Ameliyat sonras? karma??k plevral yap??ma ile pn?motoraks
Hiroaki SATOH, Koichi KURISHIMA, Katsunori KAGOHASHI
Tsukuba ?niversitesi Mito T?p Merkezi, Solunum Hastal?klar? Anabilim Dal?, Ibaraki. ?
Tuberk Toraks 2013; 61(4): 357-359 • doi:10.5578/tt.6268
Geli? Tarihi/Received: 10/09/2013 • Kabul Edili? Tarihi/Accepted: 24/09/2013
Introduction
Postoperative pleural adhesion becomes the clinical problem in some patients with poor respiratory functional impairment. Improper placement of chest tube may cause iatrogenic lung injury. We report herein a case with pneumothorax with complicated pleural adhesion in an elderly, who was successfully evaluated pneumothorax using chest computerized tomography (CT) scan.
Case report
A 77-year-old man presented with acute breathlessness. He had a history of smoking 20 cigarettes per day for 45 years, but stopped smoking at the age of 74. He had pneumothorax of the right three times, which was treated surgically two times. On arrival, he was clear and ambulatory.
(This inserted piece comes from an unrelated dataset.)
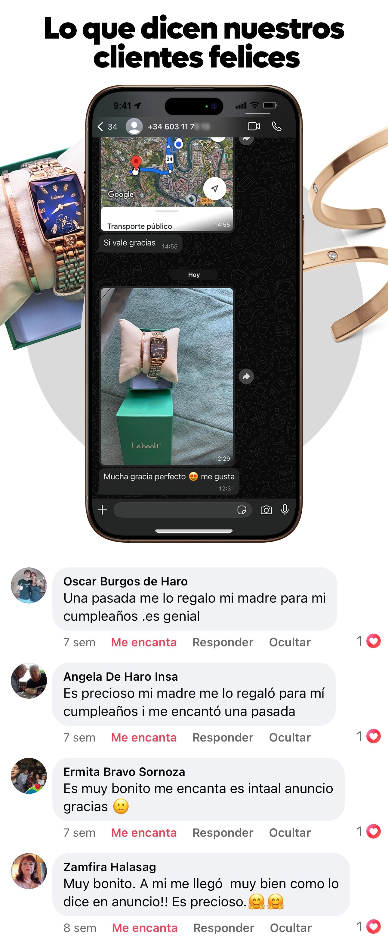Recibirás exactamente la misma reloj que ves en la foto, pero te aseguramos que en persona es aún más impresionante. Su brillo, su elegancia y su calidad superarán tus expectativas. Si por alguna razón no estás completamente satisfecho, nuestro equipo de soporte está siempre disponible para asistirte.

The vital signs were stable: blood pressure was 130/80 mmHg, pulse rate 84 beats per minute, respiratory rate 16 breaths per minute, and body temperature 37.0?C. Physically, auscultation of the lung revealed clear breath sounds except over the left lung field where breath sounds were diminished. The remainder of the physical examination was unremarkable. A plain chest radiograph demonstrated a right pneumothorax with complicated pleural adhesion. Arterial blood gas analysis revealed that PaO2 was 64.2 torr, PaCO2 43.2 torr, and pH 7.418. As the postero-anterior radiograph demonstrated a pneumothorax with pleural adhesion, therefore, a chest CT scan was performed. This demonstrated a pneumothorax with complicated pleural adhesion to some parts of the anterior and posterior parietal pleura (Figure 1). A drainage tube (Aspiration Kit: 6 Fr) was inserted avoiding the pleural adhesion parts not to injure the lung. The complicated pneumothorax was successfully treated with the chest tube.
Discussion
It is well known that postoperative pleural adhesion may develop in any surgeries for pleural or pulmonary lesions, although video-assisted thoracoscopic surgery lowers the incidence of adhesion to the chest wall (1,2,3). In the majority patients, postoperative pleural adhesion rarely becomes the clinical problem unless additional thoracic surgeries are required. But it may become problem in some patients with poor respiratory functional impairment. Improper placement of chest tube may cause iatrogenic lung injury. Complicated adhesion between pleura and chest wall may cause hemothorax which requires emergency operation (4).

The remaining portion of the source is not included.